Pencil Drawing of Conway, AR

When we arrived in Conway, Arkansas, in early May, on one of our enjoyable trips through the “Natural State,” the entire city was abuzz with excitement about the Toad Suck Daze. This was something totally unknown to us. We heard several different reasons for the celebration. One legend has it that long ago steamboats traveled the Arkansas River when the water was at the right depth. When it wasn’t, the captains and their crew tied up to wait where the Toad Suck Lock and Dam now spans the river. While they waited they refreshed themselves at the local tavern, to the dismay of the people living nearby, who accused them of “sucking the bottle until they swell up like toads.” Thus, the name Toad Suck. The tavern disappeared over time, but the legend and fun live on in Conway’s Toad Suck Daze.

Conway was founded in the mid 1800s by A. P. Robinson, who came to the area shortly after the Civil War. Robinson was the chief engineer for the Little Rock-Fort Smith Railroad (now the Union-Pacific). Part of his compensation was the deed to a one-square-mile tract of land. When the railroad came through, Robinson deeded a small tract of his land back to the railroad for a depot site. He laid out a town site around the depot and named it Conway Station, in honor of a famous Arkansas family. Conway Station contained two small stores, two saloons, a depot, some temporary housing and a post office.

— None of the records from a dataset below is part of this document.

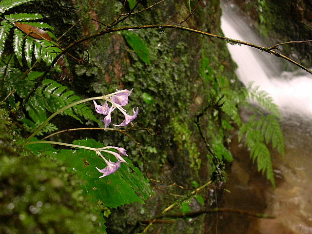 日和田山の裏側、こんな所に可愛い滝があるのです。スーパーGで探した里山歩き。意外な拾いものでした。静かな沢沿いの道のドンづまりにその滝はありました。イワタバコも咲いています。
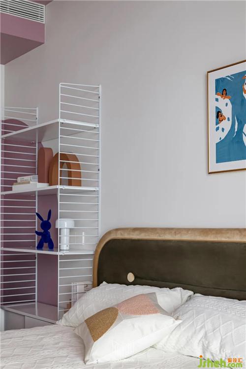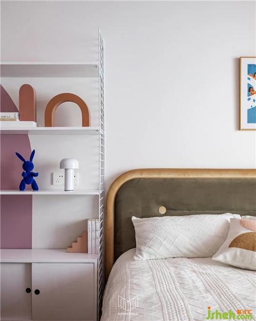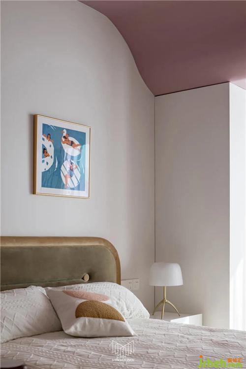女兒房原有面積較小,考慮到業(yè)主女兒的日常功能需求,將陽臺歸納至房間,并運(yùn)用流體手法弱化頂面門梁的存在感,在容納鋼琴和書桌的同時多配備一組儲物柜,余下空間更可放置一個與女孩房風(fēng)格相近的成品柜體,借此增加空間的趣味性。
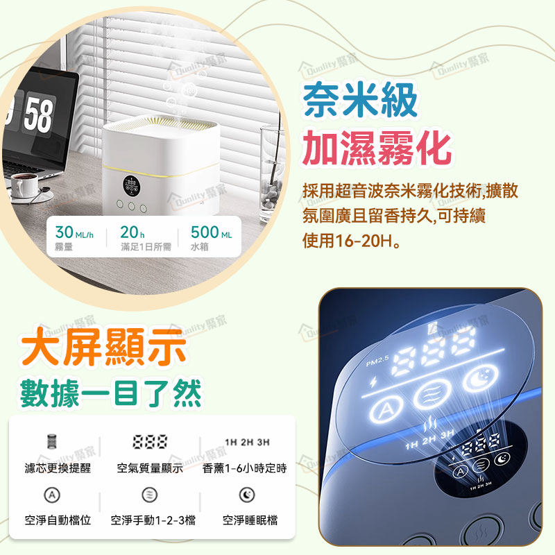 隔日達【Quality 聚家】負離子空氣清淨機 淨化加濕一體機 桌面小型淨化器 除煙味除甲醛【10%蝦幣回馈】UV紫光殺菌款 淨化加濕兩用|H13HEPA濾網 除醛淨味專用Air TreatmentQuality 聚家【官方旗艦店】
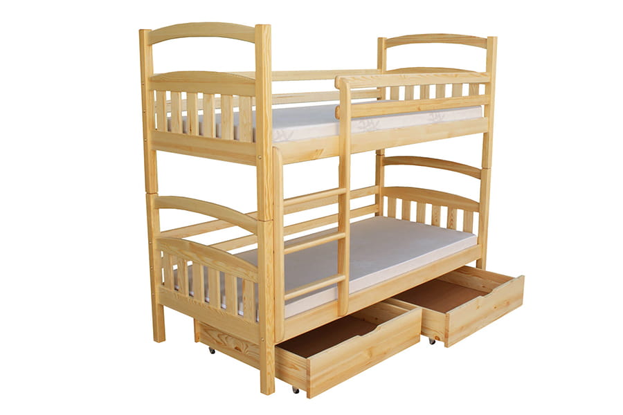 Łóżko HERMAN II zostało wykonane z litego drewna sosnowego, które cechuje się naturalnymi właściwościami konstrukcyjnymi oraz ekologicznymi. Łóżko piętrowe HERMAN II idealnie sprawdzi się w pokoju dzieci i młodzieży, a także w pensjonatach, ośrodkach wczasowych i wszędzie tam, gdzie wymagana jest większa ilość miejsc sypialnianych, a przestrzeń jest ograniczona. Dodatkowe szuflady pod łóżkiem pozwalają przechowywać dodatkową parę kołder, pościeli, prześcieradeł i poduszek. Gwarancję wieloletniego użytkowania zapewnia solidna i trwała konstrukcja.
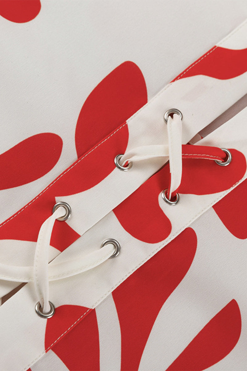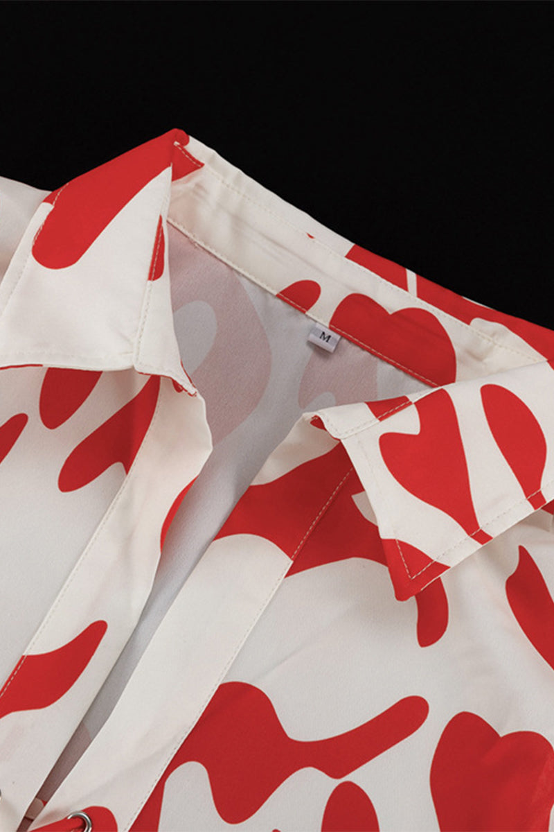 Casual Floral Patchwork Turndown Collar Long Sleeve Two Pieces
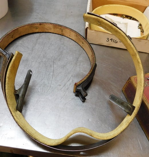 We pulled this set of bands out of a 1924 engine. The linings are not yet worn through, but the brake band was close to tearing from one of the rivets near the end. These are detachable ear bands, which means the band can be disassembled to allow changing band linings without removing the hogshead.
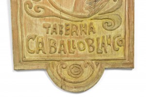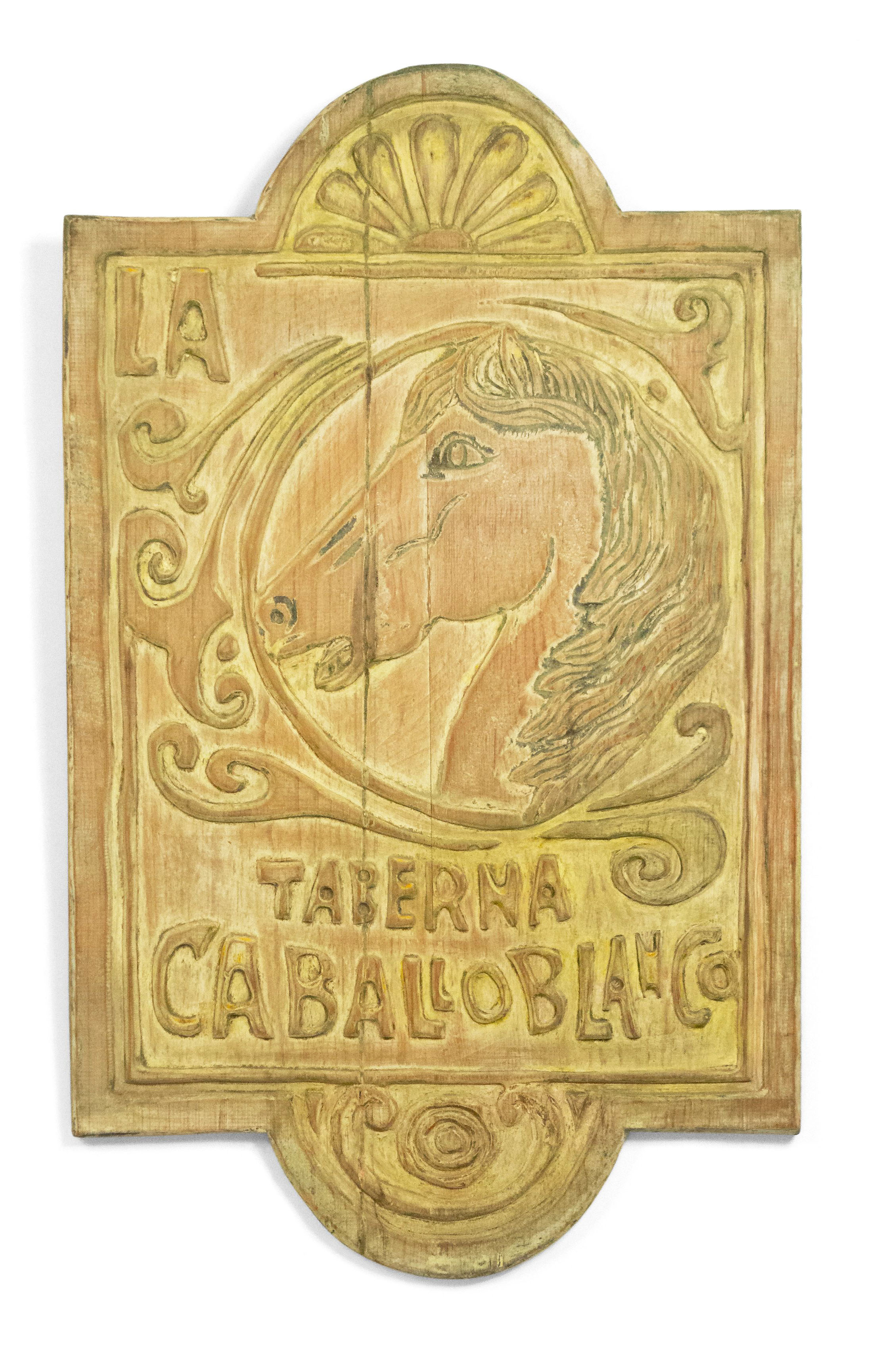 Spanish Provincial style (20th Century) stripped horse head wall plaque/sign (La Taberna Caballoblanco) (Related Item: 049724I ).
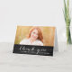 Écriture manuscrite blanche tendance Script Rustique Graduation Photo Carte de remerciements. Design par Elke Clarke © Visitez notre boutique www.zazzle.com/monogramgallery* pour plus de couleurs et de styles. Ajoutez votre propre photo et texte. Une simple typographie blanche manuscrite texte de police de script superpose sur un arrière - plan de tableau noir (effet photo imprimé) avec les mots "Merci". Remplacez l'exemple de photo par le vôtre.
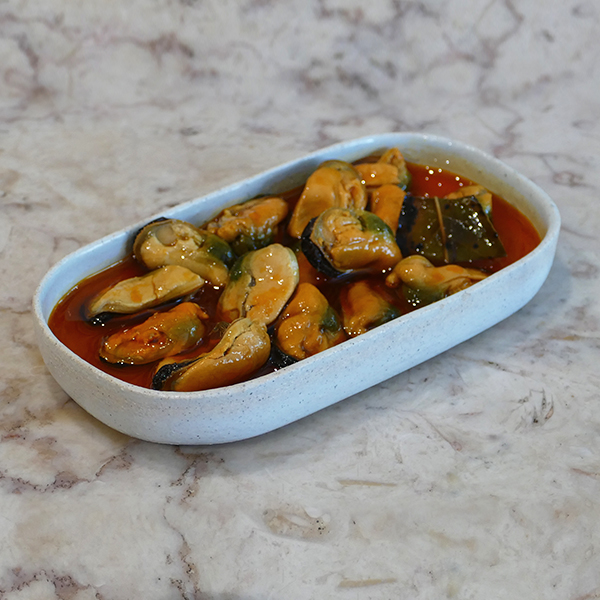 64% Midii (Mytilus Galloprovincialis), 20% ulei de floarea soarelui, 9% otet din vin (sulfiti), 3% usturoi, 2% frunze de dafin, 2% condimente.
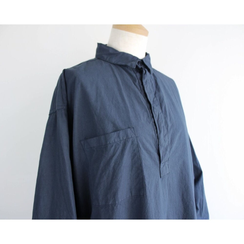 比翼仕立ての、プルオーバータイプのロングシャツワンピース

For many years Conway flourished as a trade center for a large rural agricultural area. With the establishment of Hendrix College, Central Baptist College and the University of Central Arkansas, Conway became an educational center. The city’s economy was firmly established on agriculture and the educational institutions until World War II.

After the war, diversification of the economy was started by Conway businessmen, and several small industries were attracted to Conway. Subsequently, additional state institutions were located in Conway, including the headquarters for the Office of Emergency Services, the Human Development Center, and the Arkansas Educational Television Network.